With our latest study of medical 3D printing markets, SmarTech has chose to focus on a set of interesting medical device applications which, while on the surface appear to be quite different from one another, all share one important thing in common –they can teach us very important lessons about 3D printing’s ability to potentially alter the underlying structure and supply chains of a market. Other major medical applications in 3D printing are focused specifically on surgical care. Of course, 3D printing can also effectively target medical devices which have a much greater degree of consumer interaction in the value chain, and this is where things get interesting, especially in the case of hearing aids, orthotic insoles, orthotic braces, and prosthetic devices. It’s these aforementioned devices which we’ve decided to focus on in the report.

To begin a quick comparison of 3D printing’s potential to disrupt these particular markets, let’s look into the world of hearing aids.

Hearing Aids – Minor Disruption from Underutilization of Print Technologies

Christian Sandstrom, an associate of the Ratio Institute in Sweden, produced a study of the implications of adoption of 3D printing within the hearing aid industry in late 2015 which arrived at some interesting conclusions. He proposed that, because 3D printers and related solutions were widely available at their time of adoption, and because the hearing aid industry was highly consolidated already, 3D printing had relatively little total disruptive effect on the hearing aid industry. Major players were all able to transition to producing custom hearing aid shells with printers, and because the design of the actual products stayed more or less the same, relatively little competencies were destroyed as a result.
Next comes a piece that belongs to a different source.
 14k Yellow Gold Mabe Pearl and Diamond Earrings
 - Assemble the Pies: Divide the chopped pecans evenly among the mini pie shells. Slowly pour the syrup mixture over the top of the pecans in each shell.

What is interesting to note, however, is that Sandstrom also makes sure to include the feedback from leaders in the audiology industry that 3D printing technology still has quite a lot of untapped potential to offer in terms of optimizing hearing aids. Since the study’s publication, there may be mounting evidence to point to in this regard. First, Phonak has recently utilized metal additive manufacturing for the first time in commercial production of a new hearing aid shell, which allows them to make their smallest hearing aid ever with additively manufactured titanium. Though customers predominantly desire a custom hearing aid, today the majority end up with non-custom products pushed by the industry because they are higher margin. Meanwhile, more and more companies are now utilizing 3D printing to produce other elements of non-custom hearing aids, which is leading to an increased overall penetration of the technology in production as the industry as a whole has shifted to non-custom products over the last decade. The greater degree to which additive technologies can be used to produce the end product, the greater the disruptive potential to an industry.

With relatively little disruption through the adoption of 3D printing in the hearing aid industry today, but some argument to suggest it may increase in the future, let’s compare two other medical device areas which are providing significantly greater chances for major changes through use of 3D printing.
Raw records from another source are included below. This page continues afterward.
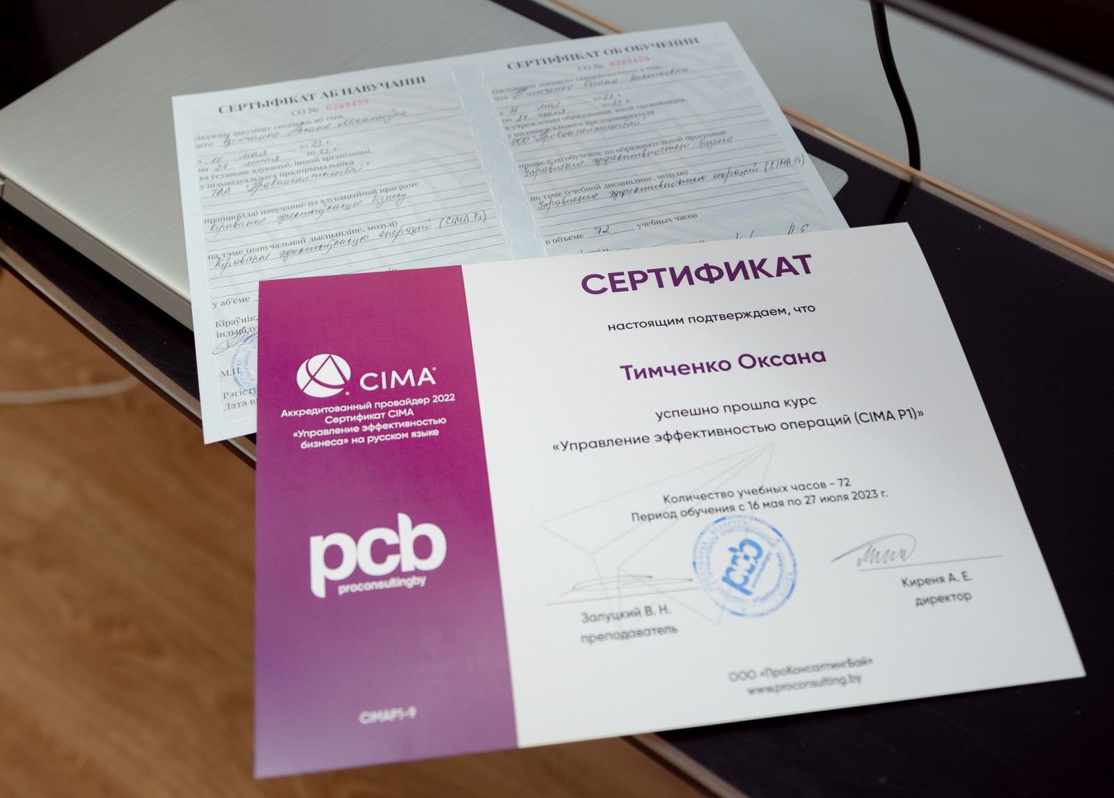 Выпускники курса “Управление эффективностью операций” (CIMA P1) получают сертификат ProConsulting с указанием периода обучения и количества учебных часов, а также сертификат об обучении государственного образца.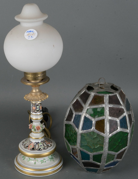 - Katalog-Nr: 1302Tischlampe. Frankreich 20. Jh. Porzellan, bunt bemalt; am Boden gemarkt; dazu bleiverglaster Lampenschirm, H=44 / 23 cm. (Funktion ungeprüft)o.L.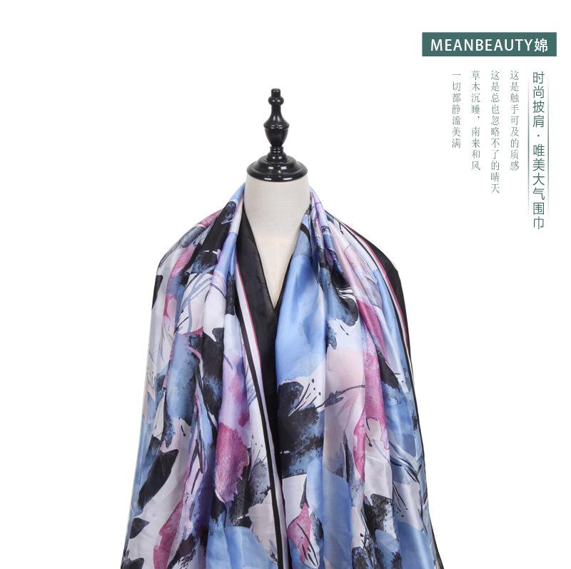 Cross-border Nova moda xaile cachecol feminino dupla face estampado lenço de seda ao ar livre protetor solar xaile

Orthotics – Major Potential for Disruption Thanks to Total Digital Solution

In the area of 3D printed orthotic insoles, another excellent study was produced in late 2016 by Dr. Simon Spooner of Peninsula Podiatry in the United Kingdom and published in Podiatry Today which compared the potential cost effectiveness and overall disruptive potential of 3D printing in the foot orthosis industry. The study suggested that there were few advantages to utilizing 3D printing for orthosis production at industrial scale compared to other digital subtractive CADCAM (milling) technologies. However, the study itself relied on previously published works from 2011 and 2012 which were based on the capabilities and cost profiles of older technology, and also acknowledged that the existing body of academic study in this regard was lacking in direct comparability. The study did however conclude that 3D printing had an interesting potential to impact the existing business model of orthotic insoles.
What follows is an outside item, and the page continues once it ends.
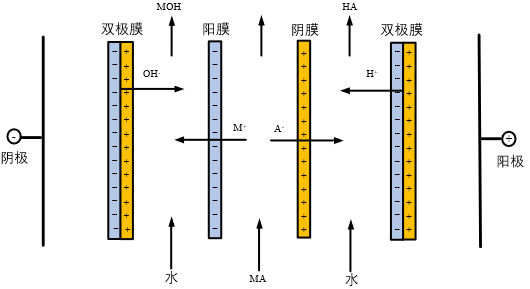 包括三隔室雙極膜電滲析器和二隔室雙極膜電滲析器兩種;三隔室雙極膜電滲析器適用于將無機鹽轉化為對應酸和堿,膜對由雙極膜、陽離子交換膜和陰離子交換膜組成,包含鹽室、酸室和堿室;二隔室雙極膜電滲析器適用于將有機酸鹽轉化為有機酸和堿或將有機堿鹽轉化為有機堿和酸,膜對由雙極膜和陽離子交換膜(包含料室和堿室)或雙極膜和陰離子交換膜(包含料室和酸室)。 雙極膜電滲析過程以電場為驅動力,利用雙極膜解離水為H+和OH-的特性,將雙極膜與陰、陽離子交換膜組合成雙極膜電滲析系統(tǒng), 實現(xiàn)將鹽溶液轉化為對應的酸和堿;該過程僅在電極室設置電極,僅在電極室產(chǎn)生氣體,運行能耗較低;該過程除電極室外,沒有電極反應,沒有氧化還原反應,不會產(chǎn)生目的物以外的物質。

Today, operations such as Wiiv provide consumers with a fully digitized solution for custom orthotic insoles, allowing the consumer to utilize their own smartphone to capture key anatomical data which is then automatically converted into the necessary design for the insole, matched to the shape of the foot. The insole base is produced via powder bed fusion and shipped to the consumer for $99 a pair. Compared to existing “custom” orthotic products and how these are ultimately dispensed to consumers, what 3D printing and a fully digital solution can provide is astounding. Most truly custom orthotic insole products dispensed by podiatrists cost several hundred dollars, and require multiple visits to a podiatrist. Clearly, there is some potential for disruption not only on the basis of cost (assuming quality is comparable to traditionally made products), but also in the underlying acquisition process. Dr. Spooner begins to recognize this potential at the end of his study, noting that the role of an orthotic laboratory and podiatrist could change significantly in the future.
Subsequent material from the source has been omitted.